### [Your instructions]
The required output holds only the lines from the one containing "Bring the warmth" through the end of the material below, copied exactly, please, with no pictures.

### [Provided records]
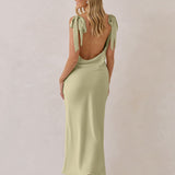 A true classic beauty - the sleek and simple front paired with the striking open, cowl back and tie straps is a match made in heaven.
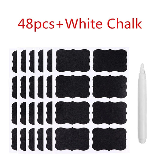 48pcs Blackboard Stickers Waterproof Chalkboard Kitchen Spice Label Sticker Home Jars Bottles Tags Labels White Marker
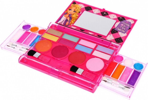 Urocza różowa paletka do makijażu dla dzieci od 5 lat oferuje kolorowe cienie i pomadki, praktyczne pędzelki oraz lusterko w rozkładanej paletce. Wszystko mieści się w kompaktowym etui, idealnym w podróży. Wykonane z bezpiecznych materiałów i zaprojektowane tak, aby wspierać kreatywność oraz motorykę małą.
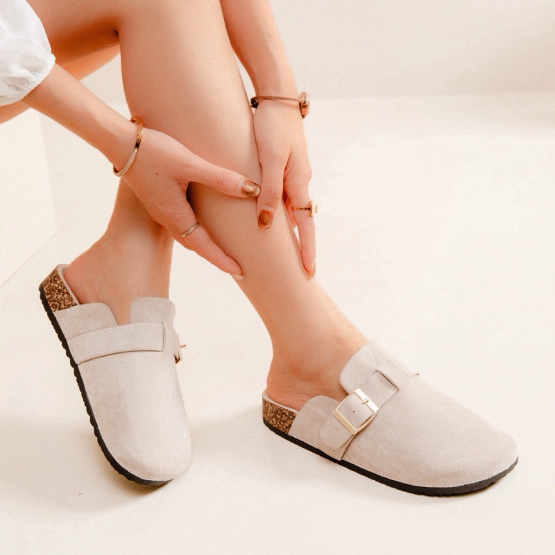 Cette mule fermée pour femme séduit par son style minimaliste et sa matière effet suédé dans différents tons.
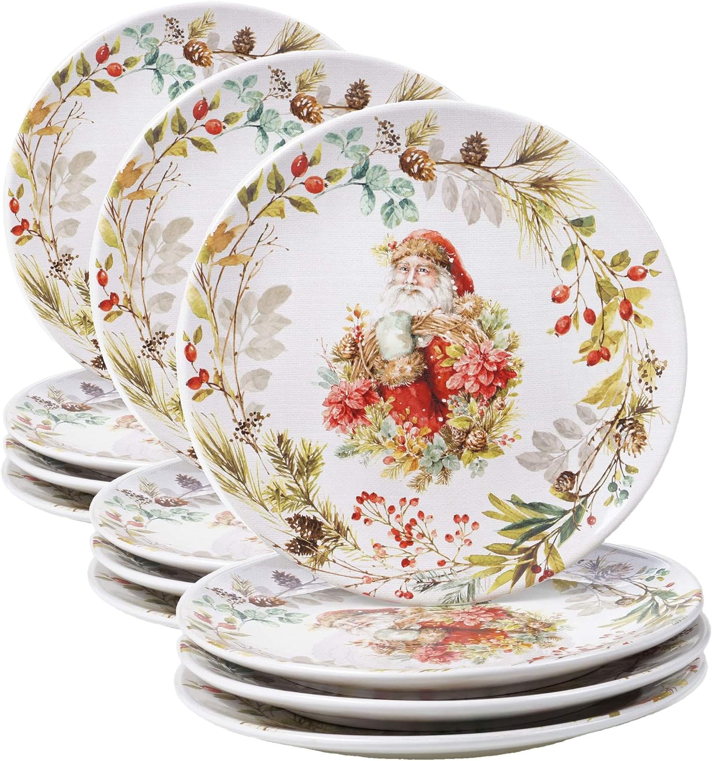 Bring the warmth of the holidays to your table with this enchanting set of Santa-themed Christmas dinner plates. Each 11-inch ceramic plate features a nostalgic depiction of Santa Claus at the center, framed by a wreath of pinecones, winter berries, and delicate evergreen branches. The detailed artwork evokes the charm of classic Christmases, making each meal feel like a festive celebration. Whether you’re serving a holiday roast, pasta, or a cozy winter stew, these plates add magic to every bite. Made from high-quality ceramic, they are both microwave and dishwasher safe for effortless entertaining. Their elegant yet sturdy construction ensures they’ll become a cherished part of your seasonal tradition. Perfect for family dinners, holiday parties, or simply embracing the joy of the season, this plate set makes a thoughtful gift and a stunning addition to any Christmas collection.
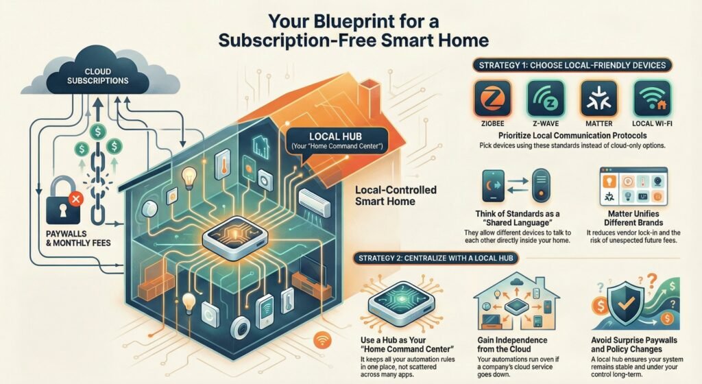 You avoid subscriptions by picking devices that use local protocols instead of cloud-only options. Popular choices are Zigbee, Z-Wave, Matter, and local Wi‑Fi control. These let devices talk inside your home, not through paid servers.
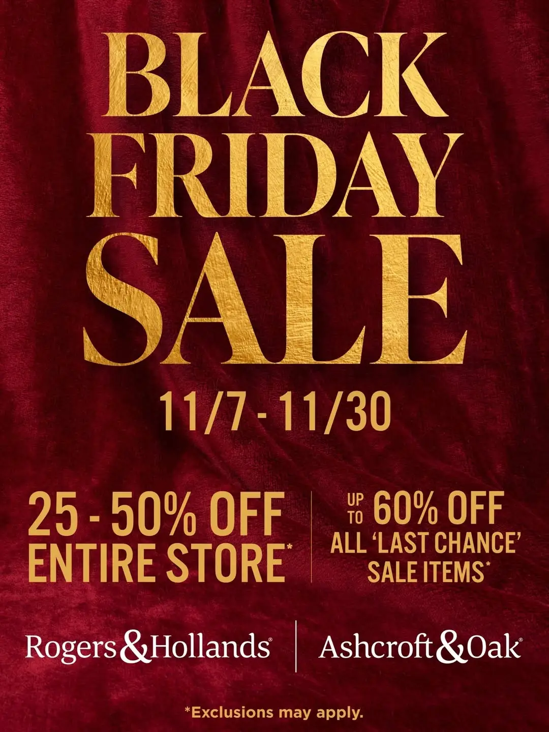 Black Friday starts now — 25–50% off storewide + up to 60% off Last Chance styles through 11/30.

### [Written response]
 Bring the warmth of the holidays to your table with this enchanting set of Santa-themed Christmas dinner plates. Each 11-inch ceramic plate features a nostalgic depiction of Santa Claus at the center, framed by a wreath of pinecones, winter berries, and delicate evergreen branches. The detailed artwork evokes the charm of classic Christmases, making each meal feel like a festive celebration. Whether you’re serving a holiday roast, pasta, or a cozy winter stew, these plates add magic to every bite. Made from high-quality ceramic, they are both microwave and dishwasher safe for effortless entertaining. Their elegant yet sturdy construction ensures they’ll become a cherished part of your seasonal tradition. Perfect for family dinners, holiday parties, or simply embracing the joy of the season, this plate set makes a thoughtful gift and a stunning addition to any Christmas collection.
 You avoid subscriptions by picking devices that use local protocols instead of cloud-only options. Popular choices are Zigbee, Z-Wave, Matter, and local Wi‑Fi control. These let devices talk inside your home, not through paid servers.
 Black Friday starts now — 25–50% off storewide + up to 60% off Last Chance styles through 11/30.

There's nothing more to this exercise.